EXERCISE MATERIALS:
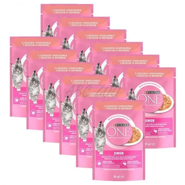 PURINA ONE JUNIOR mini filete cu somon și morcovi în suc 12 x 85 g
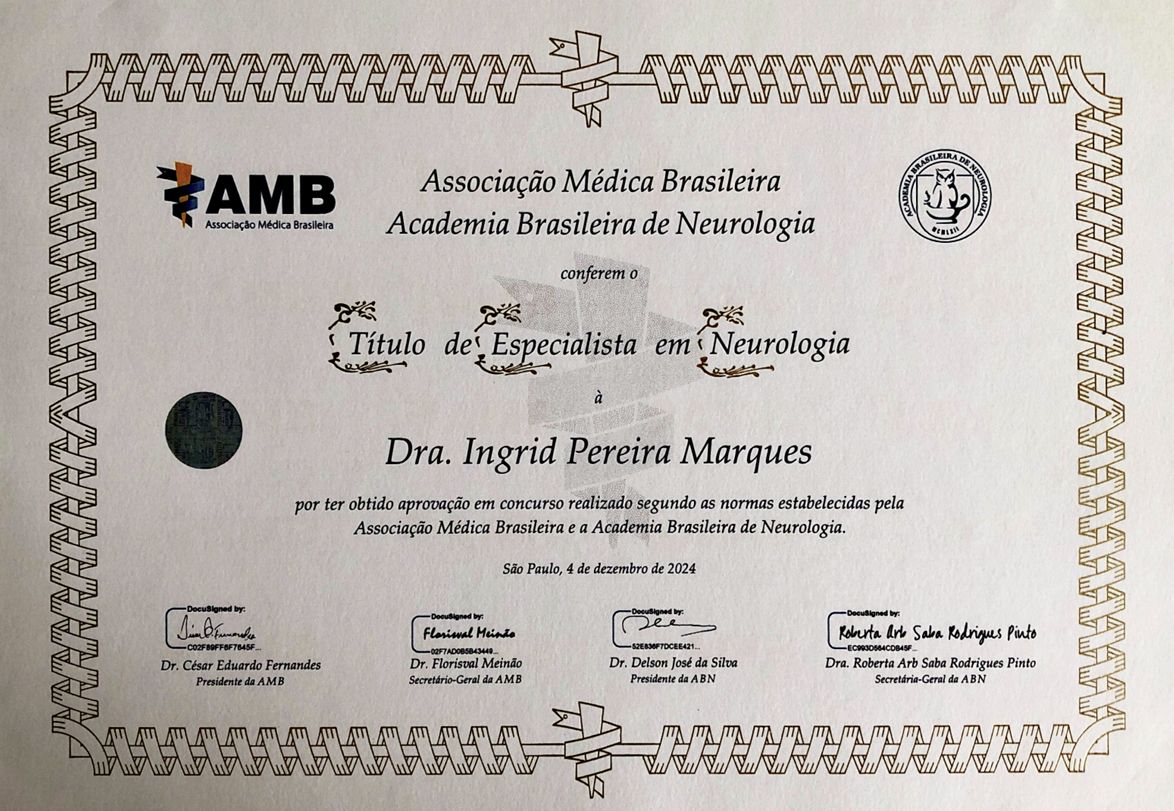 Quais são as principais especialidades de Ingrid Pereira Marques?Ingrid Pereira Marques é neurologista. Te mostramos alguns dos serviços oferecidos pelo especialista graças à sua trajetória e vasta experiência: Atendimento domiciliar, Consulta Neurologista, Ultrassom de mesencéfalo, Doppler transcraniano, Diagnóstico e tratamento cefaleia, Tratamento do AVC (acidente vascular cerebral), Tratamento para distúrbios da memória, Teleconsulta.
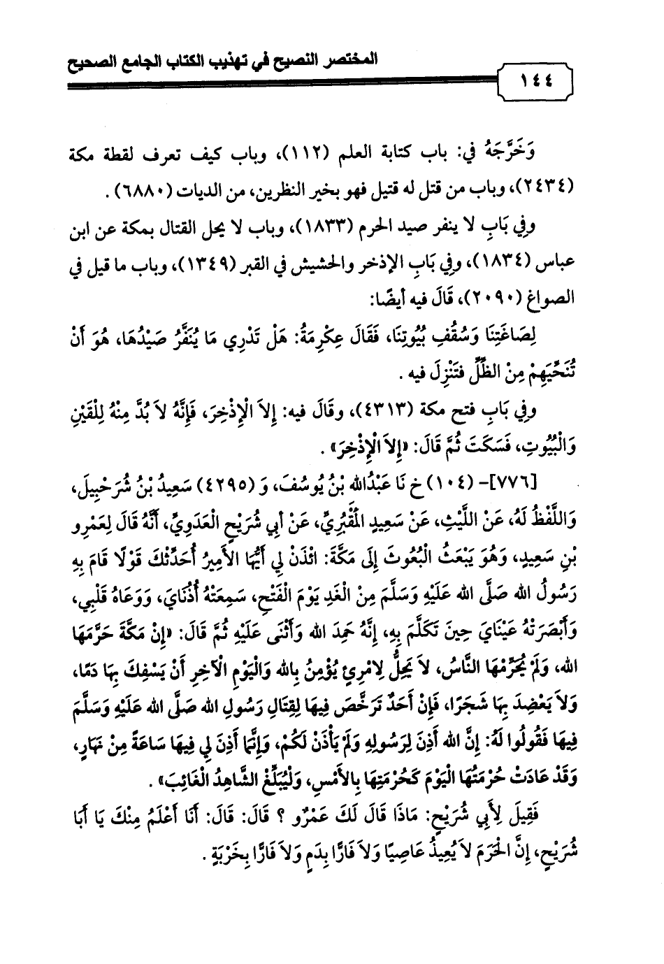 وفِي بَابِ لا ينفر صيد الحرم (1833)، وباب لا يحل القتال بمكة عن ابن عباس (1834) , وفِي بَابِ الإذخر والحشيش في القبر (1349) , وباب ما قيل في الصواغ (2090) , قَالَ فيه أيضًا:
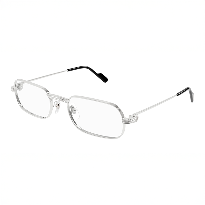 An elegant full rim construction of the Première light metallic aesthetic. Gleaming temples adorned with the C de Cartier and Godron detail, serving as both a style element and a functional choice on the hinge. Sleek, black acetate temple tips provide a comfortable fit.
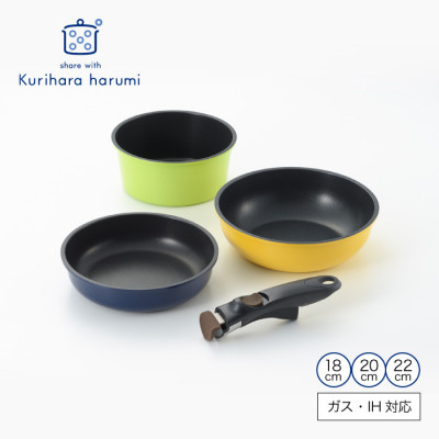 収納性に優れたハンドルが着脱できるフライパン3点セット 栗原はるみ 着脱ハンドルフライパンセット(18・20・22cm) 3サイズセット 新潟県 弥彦村【1122168】
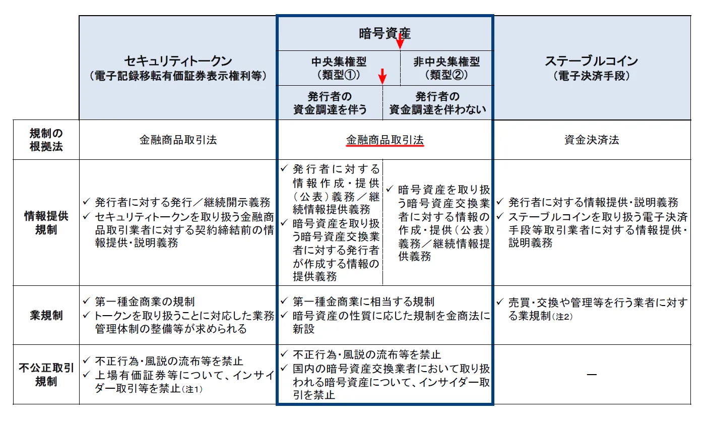 さらに、暗号資産は「中央集権型(類型①)」と「非中央集権型(類型②)」に分類され、どちらも金商法で規律されることになります。
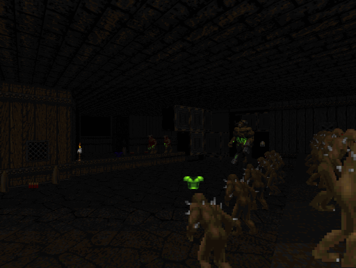 Second halloween collab. Much better than the first one. New orange and green palette ranges, better levels, cool trees, etc. I was irritated by how bad my orange range in the previous year's wad was, so I attempted to make a good new palette out of spite. |
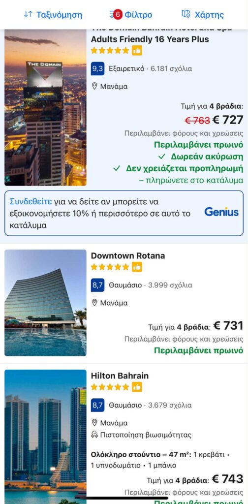 Το καλύτερο; Η εμπειρία αυτή κοστίζει σχεδόν στη μισή τιμή σε σχέση με αντίστοιχα ξενοδοχεία στο Ντουμπάι, κάνοντας το Μπαχρέιν έναν προορισμό πολυτελούς ταξιδιού χωρίς υπερβολικό budget. Είτε ψάχνεις για resort στην παραλία, είτε για city hotel με θέα στο skyline της Μανάμα, θα βρεις επιλογές που συνδυάζουν άνεση, στυλ και εξαιρετική σχέση ποιότητας-τιμής.

EXERCISE REQUIREMENTS: Starting with the line that holds "وفِي بَابِ لا", copy every line exactly through the final line of the material, but skip the pictures.

RESULT:
 وفِي بَابِ لا ينفر صيد الحرم (1833)، وباب لا يحل القتال بمكة عن ابن عباس (1834) , وفِي بَابِ الإذخر والحشيش في القبر (1349) , وباب ما قيل في الصواغ (2090) , قَالَ فيه أيضًا:
 An elegant full rim construction of the Première light metallic aesthetic. Gleaming temples adorned with the C de Cartier and Godron detail, serving as both a style element and a functional choice on the hinge. Sleek, black acetate temple tips provide a comfortable fit.
 収納性に優れたハンドルが着脱できるフライパン3点セット 栗原はるみ 着脱ハンドルフライパンセット(18・20・22cm) 3サイズセット 新潟県 弥彦村【1122168】
 さらに、暗号資産は「中央集権型(類型①)」と「非中央集権型(類型②)」に分類され、どちらも金商法で規律されることになります。
 Second halloween collab. Much better than the first one. New orange and green palette ranges, better levels, cool trees, etc. I was irritated by how bad my orange range in the previous year's wad was, so I attempted to make a good new palette out of spite. |
 Το καλύτερο; Η εμπειρία αυτή κοστίζει σχεδόν στη μισή τιμή σε σχέση με αντίστοιχα ξενοδοχεία στο Ντουμπάι, κάνοντας το Μπαχρέιν έναν προορισμό πολυτελούς ταξιδιού χωρίς υπερβολικό budget. Είτε ψάχνεις για resort στην παραλία, είτε για city hotel με θέα στο skyline της Μανάμα, θα βρεις επιλογές που συνδυάζουν άνεση, στυλ και εξαιρετική σχέση ποιότητας-τιμής.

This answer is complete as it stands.